The incident that happened on Friday Dec. 14 at Sandy Hook Elementary School in Newtown, Connecticut has reactivated the U.S. debate about the necessity of passing gun control laws. The shooter, as in the majority of the cases, committed suicide, but the weapons were from his home and the gun license was in his mother’s name.
After his visit to this quiet northeastern town, which in the last decade only recorded one murder, U.S. President Barack Obama promised on Sunday Dec. 16—without saying the word weapon— that his office would act immediately to avoid similar tragedies. However the White House still has not offered any specific details about a plan. Any plan would be difficult to implement in the current U.S. political climate.
Bearing arms is a right that many Americans support and is also protected in the Second Amendment: “A well regulated Militia, being necessary to the security of a free State, the right of the people to keep and bear Arms, shall not be infringed.”
In a sleazy homage to the 221st anniversary of the Second Amendment, which was ratified on December 15, 1791, Adam Lanza grabbed hold of his Bushmaster .223 and two handguns, all registered in his mother’s name. Adam Lanza first killed his mother and then went to the school where she worked and opened fire on dozens of innocent, defenseless children. 20 children died. The main weapon used by Lanza during his murderous rampage at Sandy Hook Elementary School is the civil version of the famous assault M-16 weapon used by the United States’ army since the Vietnam War. This gun can be brought legally in almost any part of the country.
Hours before President Obama’s announcement, Democratic Senator Dianne Feinstein stated that when Congress begins their session in January, she will present a draft for a law that prohibits the purchase of assault weapons. Independent Connecticut Senator Joseph Lieberman asked that we do not lose sight of what is important.
On the opposing side, the Democratic law maker from West Virginia Joe Manchin, a strong defender of the Second Amendment, stated on the Monday after the shooting that there must be a sensible and reasonable debate concerning weapons control. In response to the lawmakers’ statements, there have been petitions and demonstrations from the public. Three days after the shooting, almost 160,000 people signed a petition on the White House web site calling for increased control in the circulation of weapons in the country.

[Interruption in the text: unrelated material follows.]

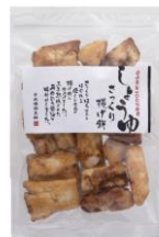
さっくり揚げ餅しょうゆ 内容量：150g 金額：¥432-
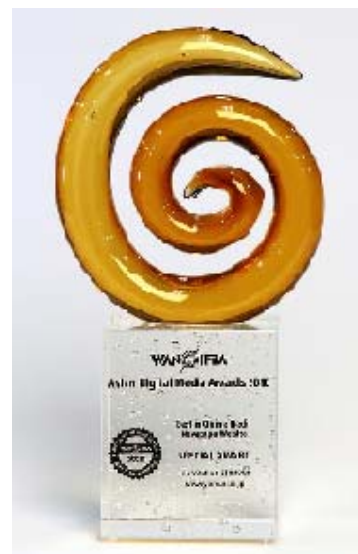
「特別賞」受賞トロフィー

ヨミダス歴史館サイト ( http://www.yomiuri.co.jp/rekishikan/ ) によると同協会副代表兼アジア太平洋局長のトマス・ジェイコブ氏は「当初は金賞を2つ出すことも検討されたが他の受賞サイトがいずれもニュースに特化されているため、並列は避けた、新聞の価値を高める、非常に独創的なサービスだ」とのことです。高い評価を得られたことが伺えます。

Almost 31,600 Americans want the most strict gun control laws while more than 23,000 want firmer control. The law that was signed by Bill Clinton in 1994, which prohibited the possession of assault rifles, expired in 2004 and has not been renewed. With no elections in sight, Obama is soon to be inaugurated for his second term. President Obama can therefore break the cycle of violence in U.S. schools and make good of his Nobel Peace Prize.